◆ Exercise prompt ◆
With the pictures left out, write out exactly the lines of the listing below that run from the line with "Hộp giấy đựng" through the line with "Підсумкова робота з".

◆ Given records ◆
%%

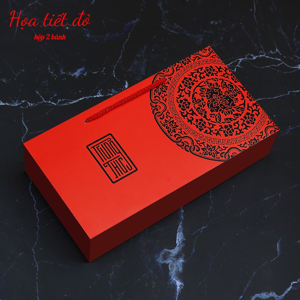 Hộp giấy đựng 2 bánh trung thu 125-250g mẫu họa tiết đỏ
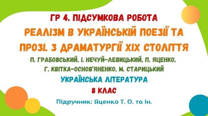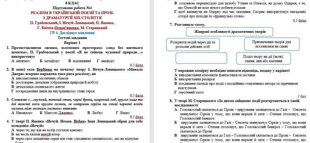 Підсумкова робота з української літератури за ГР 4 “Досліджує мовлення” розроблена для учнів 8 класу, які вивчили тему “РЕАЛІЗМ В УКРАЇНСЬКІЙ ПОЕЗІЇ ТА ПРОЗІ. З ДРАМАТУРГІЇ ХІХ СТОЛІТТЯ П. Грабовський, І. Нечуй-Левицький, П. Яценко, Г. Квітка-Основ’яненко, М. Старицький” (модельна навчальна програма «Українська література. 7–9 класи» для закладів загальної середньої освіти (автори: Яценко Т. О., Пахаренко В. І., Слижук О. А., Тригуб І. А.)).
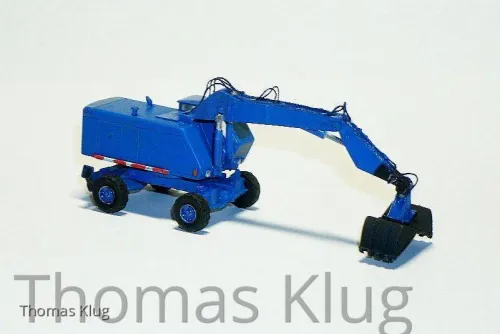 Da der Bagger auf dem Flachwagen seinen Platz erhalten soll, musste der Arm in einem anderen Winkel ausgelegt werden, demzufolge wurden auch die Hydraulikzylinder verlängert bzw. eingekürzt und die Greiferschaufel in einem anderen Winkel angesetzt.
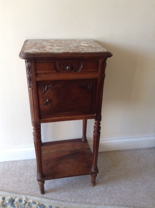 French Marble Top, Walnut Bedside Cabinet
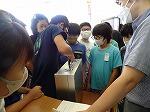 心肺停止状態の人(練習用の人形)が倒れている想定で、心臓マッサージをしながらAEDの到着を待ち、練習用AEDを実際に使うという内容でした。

%%
%%

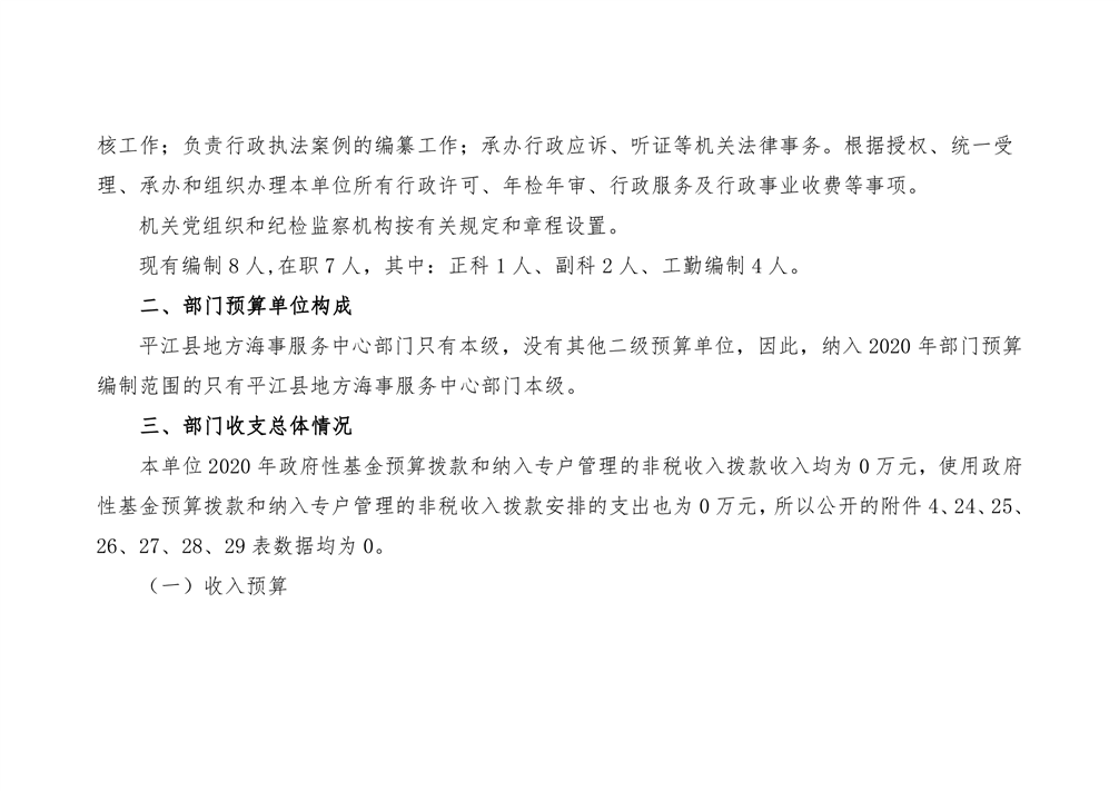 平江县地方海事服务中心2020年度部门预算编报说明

%%

◆ Response ◆
 Hộp giấy đựng 2 bánh trung thu 125-250g mẫu họa tiết đỏ
 Підсумкова робота з української літератури за ГР 4 “Досліджує мовлення” розроблена для учнів 8 класу, які вивчили тему “РЕАЛІЗМ В УКРАЇНСЬКІЙ ПОЕЗІЇ ТА ПРОЗІ. З ДРАМАТУРГІЇ ХІХ СТОЛІТТЯ П. Грабовський, І. Нечуй-Левицький, П. Яценко, Г. Квітка-Основ’яненко, М. Старицький” (модельна навчальна програма «Українська література. 7–9 класи» для закладів загальної середньої освіти (автори: Яценко Т. О., Пахаренко В. І., Слижук О. А., Тригуб І. А.)).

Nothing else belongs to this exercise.